Знаменитый афоризм Малларме «поэзия делается из слов» давно не нужно опровергать. Поэзия не сводится к словам; она рассеяна повсюду, ее нет только в плохих стихах; поэзия есть Бог в святых мечтах земли, — всё это мы слышали и держим в уме, — но материал, в котором она воплощается, это всё же слова, и они, как любой материал, оживают только под рукой мастера. При этом мастерство и вдохновение вступают в поэзии не в такой союз, как в науке или живописи. Мысль о совершенно особенном месте поэзии среди людских занятий принадлежит Горацию. С предельной краткостью ее повторяет Буало: «В стихах посредственность — бездарности синоним…». Почему это так только в стихах, помогает понять та самая фраза великого немца.

Прежде, чем сделаться математиком, Давид Гильберт основательно изучил древние языки. Горация он читал в подлиннике. Ревность, столь явственно звучащая в замечании ученого о сбежавшем ученике, более чем понятна: по Горацию, и средней руки профессионал (например, математик) — в чести, тогда как поэт удостаивается своего имени только в том случае, если он — блистателен. Горацию Гильберт и возражает. Кроме того, ученый хотел подчеркнуть, что математика (уже не говоря о физике, в эпоху Гильберта переживавшей свою романтическую эпоху) давно оперирует понятиями, лежащими за пределами обыденного воображения, — взять хоть бесконечномерные пространства или корпускулярно-волновые свойства материи. Но остроумная шпилька Гильберта саморазоблачительна. Вдохновение и интуиция требуются ученому не в большей и не в меньшей мере, чем поэту, а ровно в той же самой. Существенное отличие здесь в другом. Математическим аппаратом овладевают в университете в течение нескольких лет упорной работы, а поэт в своем преображающем исследовании мира должен обойтись тем, что получил с молоком матери и чем вокруг него владеют если не все, то многие: родным языком. Его средства на первый взгляд скудны, его методы сами по себе не поднимают его над толпой. Воображение его — иной природы: направлено не на картины или сцены, значения или понятия, свойства и формулы, а на то, чтобы наделить звук смыслом. Поэтом поэта делает врожденное умение сопрягать звуки и смыслы так, чтобы простые слова представали перед читателем как нерасчленимое целое, как законы небесной механики. «Понимание музыкальной отрады в слове, как и способность ее создавать, есть дар воображения; этот дар можно лелеять или усовершенствовать; научиться ему нельзя», говорит в своей автобиографии Кольридж. Боратынский сравнивает рифму, одну из главных носительниц «музыкальной отрады в слове», с голубем ковчега…

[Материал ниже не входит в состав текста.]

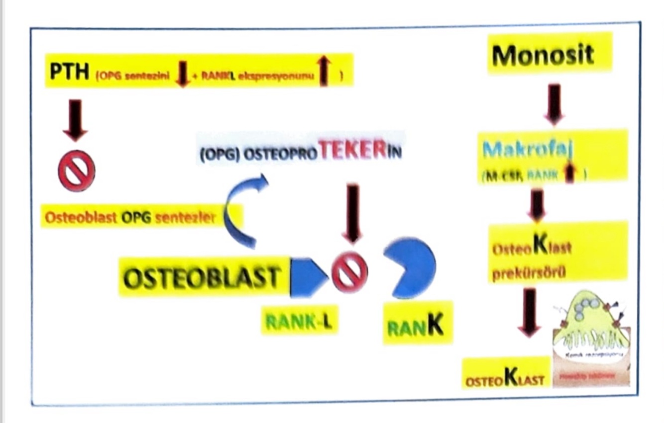 • Uyarılan osteoblastlar, RANKL (Receptor Activator of Nuclear Factor κB Ligand) adlı bir molekül üretir.
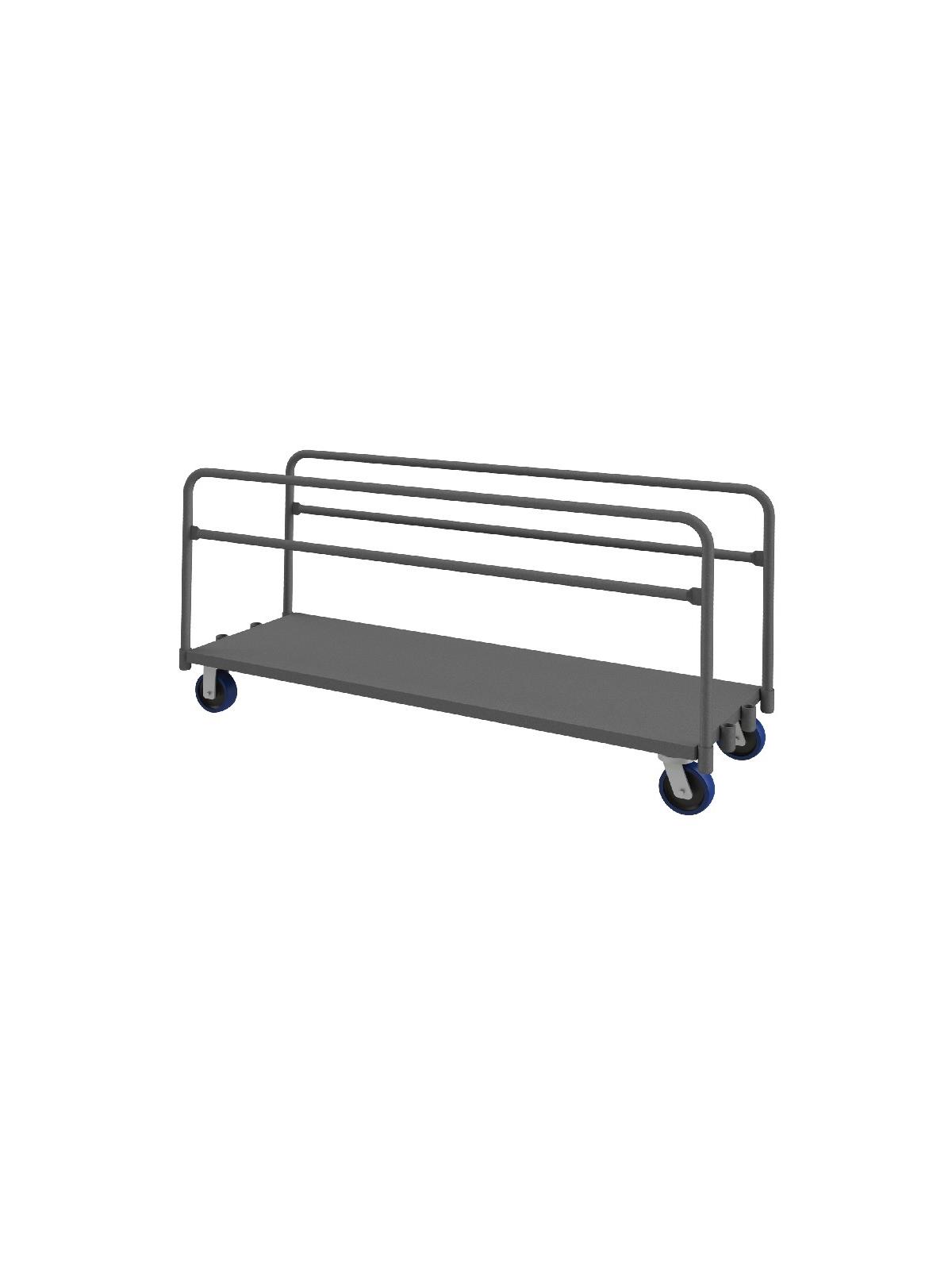 Easy to access and pick up on-board product. Create multiple opening sizes by adjusting dividers. All casters: 2 rigid, 2 swivel. Allows for the storage and transportation of various sizes of panels and product. Gray, textured, powder coat finish. FOB Shipping Point.

Нехваткой воображения в сбежавшем аспиранте Гильберт назвал невладение формой. В этом смысле его подход применим и к поэзии: свобода (а подлинный взлет воображения — это и есть свобода, быть может, единственная) возможна только в жестких, предустановленных и неустранимых границах ремесла. Иначе говоря, свобода — это осознанная необходимость. Непонимание этой простой истины (до Маркса о ней говорит Библия и Аристотель, а после Маркса ее же на свой лад повторил Сахаров) и делает стихи талантливой Елены Шварц — скучными, пустоватыми и незначительными.

8 марта 1998,
Боремвуд, Хартфордшир
помещено в сеть 9 февраля 2002

ЛИТЕРАТУРНАЯ ГАЗЕТА (Москва) №10, 11 марта 1998 (с искажениями, под редакционным названием Жертва на алтарь эготизма).

газета ГОРИЗОНТ (Денвер) №71, апрель 1998 (под названием В поисках за утраченной молодостью).

журнал ДВАДЦАТЬ ДВА (Тель-Авив) №115, 2000 (под названием Русалочий хвост в разрезе).

журнал МЕДВЕЖЬИ ПЕСНИ (Петербург) №?, 2005 (без разрешения, с грубыми искажениями).